You’ve probably wondered when this “essay” would turn political- - -well here it is. In bailing out AIG and making noises about finally putting the insurance industry under some umbrella of federal regulation it would appear the Obama Administration got it right. In my opinion, they did. But not without charges of “nationalizing businesses” and turning the US into a “European model of socialism”. Charges they continually defend without explaining the “why” of it all. Treasury Secretary Geithner has been hammered about this issue in press conference after press conference and all he offers are vague answers. Even BHO was asked about it in his nationally televised news conference and made some vague reference to wanting to make sure he had “all the facts”.

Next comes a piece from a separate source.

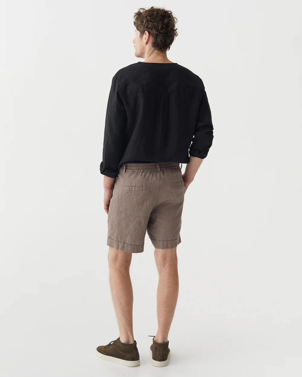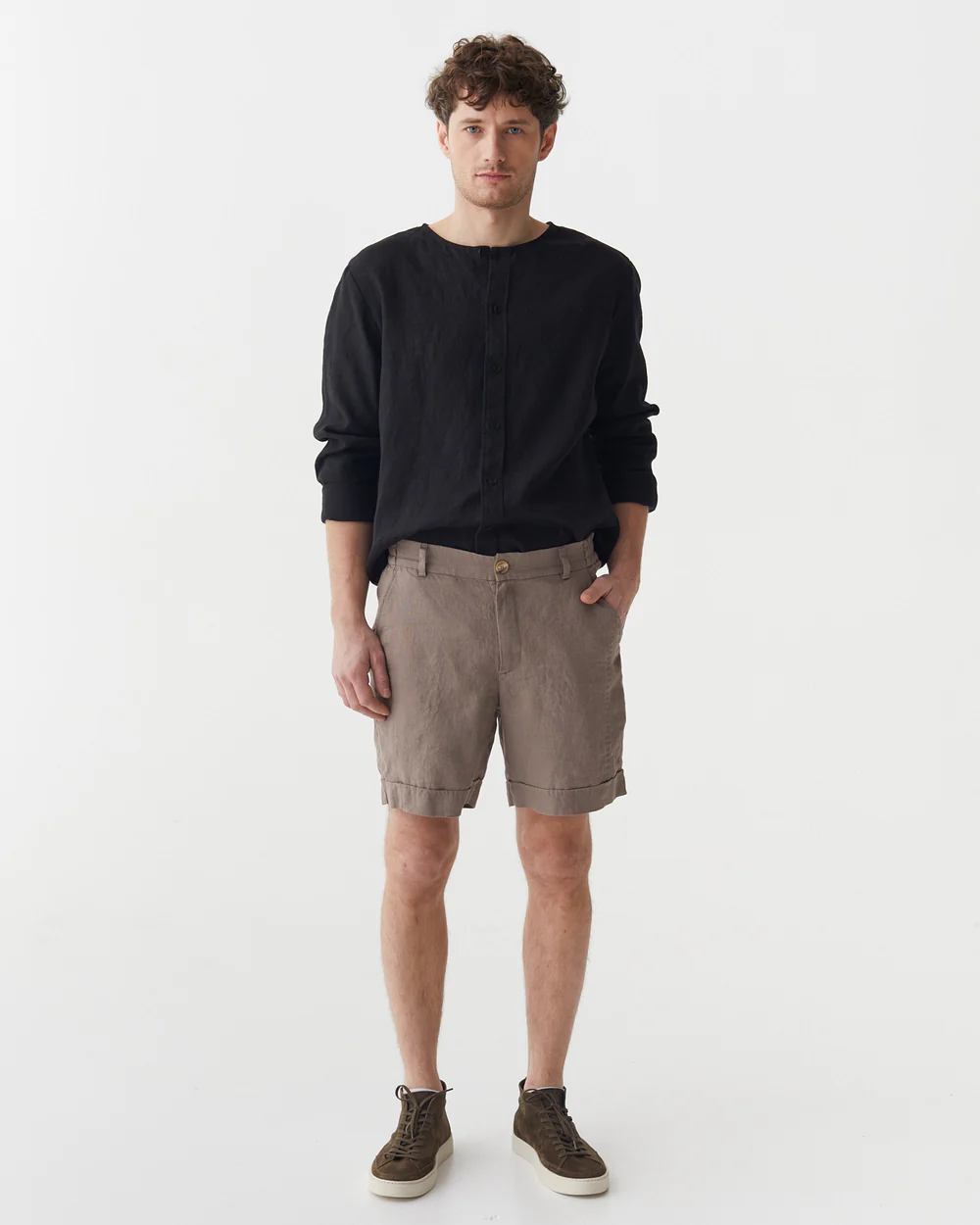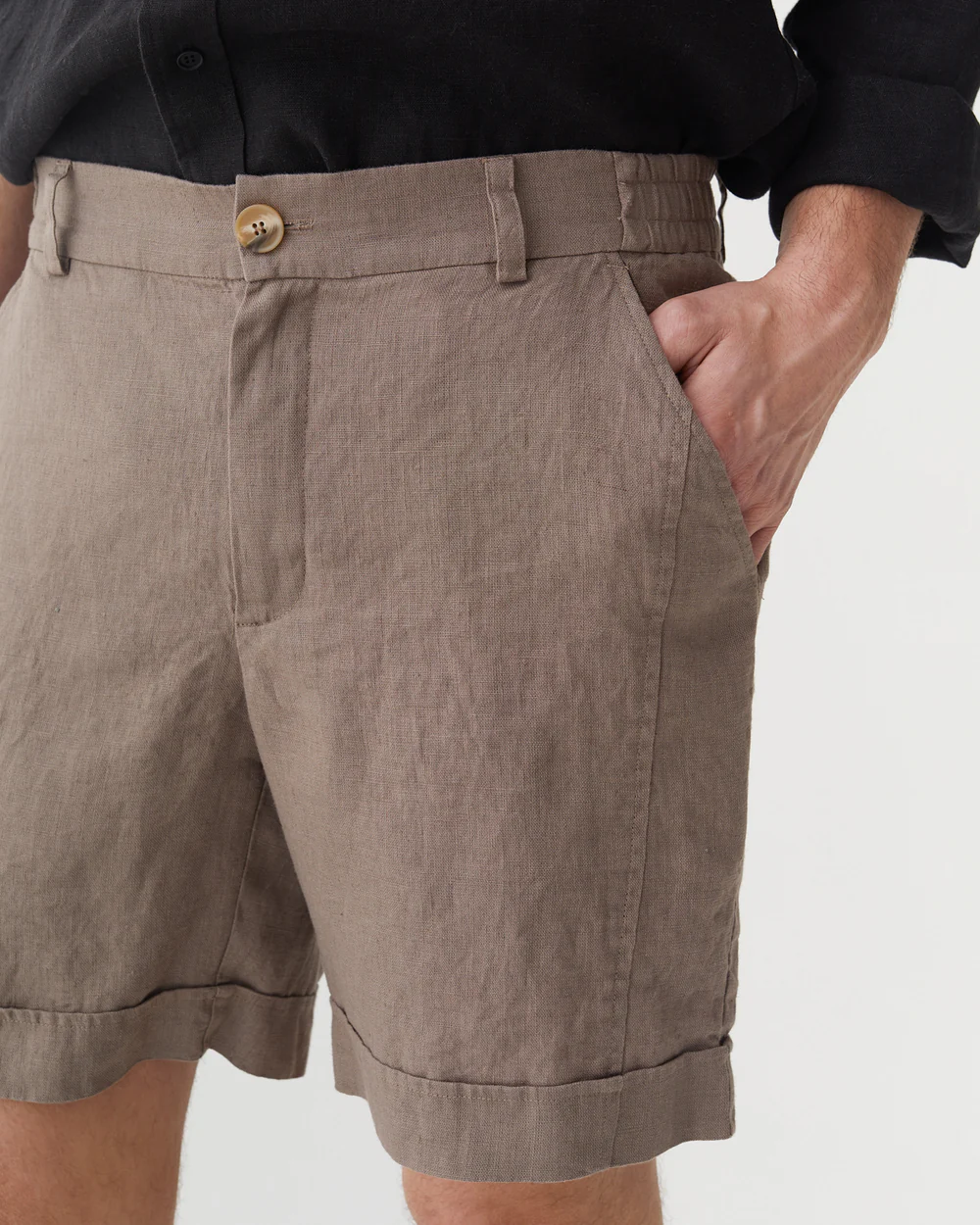The taupe linen shorts are a masterful creation that seamlessly combines casual comfort with understated elegance. Their tailored fit is designed to offer a sense of refinement while still maintaining a relaxed vibe. The linen fabric, with its inherent breathability and soft handfeel, not only keeps you cool in hot temperatures but also adds a touch of natural sophistication. The classic button – fly front is a standout feature, providing a secure closure and a timeless aesthetic.Small details enhance their allure: the neatly finished hems and the subtle texture of the linen fabric catch the light beautifully, adding depth to the taupe hue. This versatile color pairs effortlessly with a wide range of tops, from crisp white t – shirts to linen button – downs and lightweight sweaters. For a laid – back weekend look, pair them with a white crew – neck t – shirt, a denim jacket, and white sneakers. To elevate the style for a casual dinner, opt for a navy linen shirt, a brown leather belt, and loafers.When it comes to layering, these shorts work well too. Pair them with a lightweight cardigan or a blazer on cooler summer evenings, and the tailored fit ensures they still look polished. No matter how you choose to wear them, these shorts’ comfortable fabric, versatile design, and charming details make them an essential addition to any casual wardrobe, capable of transforming simple outfits into effortlessly stylish ensembles.

Yet, in less time than it took you to read this post, Secretary Geithner (or BHO himself for that matter) could have made this exact same explanation to the American public and would have silenced the critics quickly. But the fact that the Administration has not done so makes me ask myself - -and you- -three questions:

1. Is the Obama Administration just another bunch of biased, bumbling beaureaucrats who accidentally stumbled on the right solution? Or. .
2. Are they so arrogant they actually think the public doesn’t need an explanation and should just follow their decisions blindly? Or. .
3. Now that AIG has been rescued will the momentum to finally bring the insurance industrty under federal regulation be buried in an avalanche of industry contributions to campaign coffers of local, state and national politicians everywhere?

Use the “Comments” link below to let me know what you think.

3 comments:

Anonymous said...

Hal... very interesting. I'm going with choice #2. This administration doesn't care what really concerns intelligent, political, Americans and we don't deserve an explanation. The other 1/2 of the country are BHO zombies ~ "Whatever you say Barry is good enough for me!"
When BHO says things like, "I'll have to check the facts on that and get back to you." (which he never does) makes me wonder if HE even knows what's going on. I have to believe he is more than a mere puppet!

Anonymous said...

Interesting explaination, Hal. I still wonder about the massive run on money markets that took place in Sept.(?) that brought down the house of cards. Some say it was Soros who caused it...as he almost brought Britain down singlehandedly. Nonetheless, I agree that reason #2 is most likely. After all, we're all such dunderheads that we don't even have the good sense to live among the elite in NY, DC, LA, or SF. Bet you thought I'd say Chicago, but, no. I've lived in Chicago and there is nothing elitist about it.